You may withdraw your Consent at any time for any use of your Personal Data by the Company by contacting the Company or SwissBorg in writing using the details in Section 23 of this Privacy Notice. Please note that the withdrawal of your Consent will not affect the lawfulness of the Processing of your Personal Data based on your Consent before its withdrawal. However, in the event You withdraw your Consent, You will be effectively unable to continue using the App and benefiting from the Services offered on the App. It should be noted that the withdrawal of your Consent to Process Personal Data shall limit your possibility to benefit from the Services available on the App. The consequences of your withdrawal of Consent will be the termination of your Account as We will not be able to provide our Services in accordance with the Terms. This termination shall not be applicable to your withdrawal of Consent to the Processing of Personal Data for marketing purposes only.
6.2 Legitimate Interest
On the basis of our Legitimate Interests, your Personal Data will be Processed by the Company or SwissBorg in order to actively monitor, investigate, prevent and mitigate any potentially prohibited or illegal activities, enforcing our agreements with service providers, and/or violations of our Terms. In addition, We may need to collect fees based on your use of our Services. For this purpose, We Collect Personal Data about your Account usage and closely monitor your interactions with our Services.

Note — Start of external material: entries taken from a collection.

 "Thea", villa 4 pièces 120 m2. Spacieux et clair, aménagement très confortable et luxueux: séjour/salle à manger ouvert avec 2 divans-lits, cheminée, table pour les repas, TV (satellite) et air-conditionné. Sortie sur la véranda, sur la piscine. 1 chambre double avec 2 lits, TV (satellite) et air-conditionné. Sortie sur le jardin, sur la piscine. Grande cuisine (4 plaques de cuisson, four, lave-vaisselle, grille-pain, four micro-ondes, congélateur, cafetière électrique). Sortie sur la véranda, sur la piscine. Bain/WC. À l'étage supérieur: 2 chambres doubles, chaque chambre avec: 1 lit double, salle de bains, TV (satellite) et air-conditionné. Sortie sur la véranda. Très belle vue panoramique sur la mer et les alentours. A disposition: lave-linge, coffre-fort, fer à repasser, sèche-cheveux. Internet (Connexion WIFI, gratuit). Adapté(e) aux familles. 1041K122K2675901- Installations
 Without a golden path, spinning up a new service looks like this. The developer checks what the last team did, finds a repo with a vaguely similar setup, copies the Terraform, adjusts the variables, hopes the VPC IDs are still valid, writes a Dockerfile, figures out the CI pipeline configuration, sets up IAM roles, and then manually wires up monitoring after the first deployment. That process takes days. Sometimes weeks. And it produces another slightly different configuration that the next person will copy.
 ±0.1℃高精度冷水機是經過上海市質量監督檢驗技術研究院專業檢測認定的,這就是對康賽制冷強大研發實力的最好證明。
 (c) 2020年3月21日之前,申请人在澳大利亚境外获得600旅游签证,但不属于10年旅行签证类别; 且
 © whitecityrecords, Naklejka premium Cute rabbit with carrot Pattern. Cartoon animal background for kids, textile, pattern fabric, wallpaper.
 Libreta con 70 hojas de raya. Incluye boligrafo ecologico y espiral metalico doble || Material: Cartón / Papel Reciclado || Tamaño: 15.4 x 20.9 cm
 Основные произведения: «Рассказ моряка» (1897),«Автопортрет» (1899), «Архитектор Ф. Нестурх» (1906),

The following are the applicable Legitimate Interests;
- Cyber Security: Personal Data is used in order to ensure that there is no cyber-security threat or breach, to ensure User Account security, and in order to have an initial verification of User that downloads the App. It can also be used in order to communicate with You throughout your interaction with the App. We use your geographical location information in order to ensure that the Services will not be used in a country/area where it is expressly prohibited for the App to be used;
- Compliance with FATF Guidance: You Consent that your Collected Data shall be sent to financial institutions, and in the case of Virtual Currency Transactions, to other VASPs, or any company on the basis of the FATF Guidance for VASPs in order to ensure that preventive measures are in place in order to hold, obtain and transmit the information regarding from where the Virtual Currencies and Fiat Assets originate and who the beneficiary will be;
- Compliance with laws and regulations: By using the App and/or benefitting from the Services, you understand and agree that the Company have the legitimate interest to Process your Personal Data in order to ensure a legal utilization of the App and/or Services in the full respect of the laws and applicable regulations.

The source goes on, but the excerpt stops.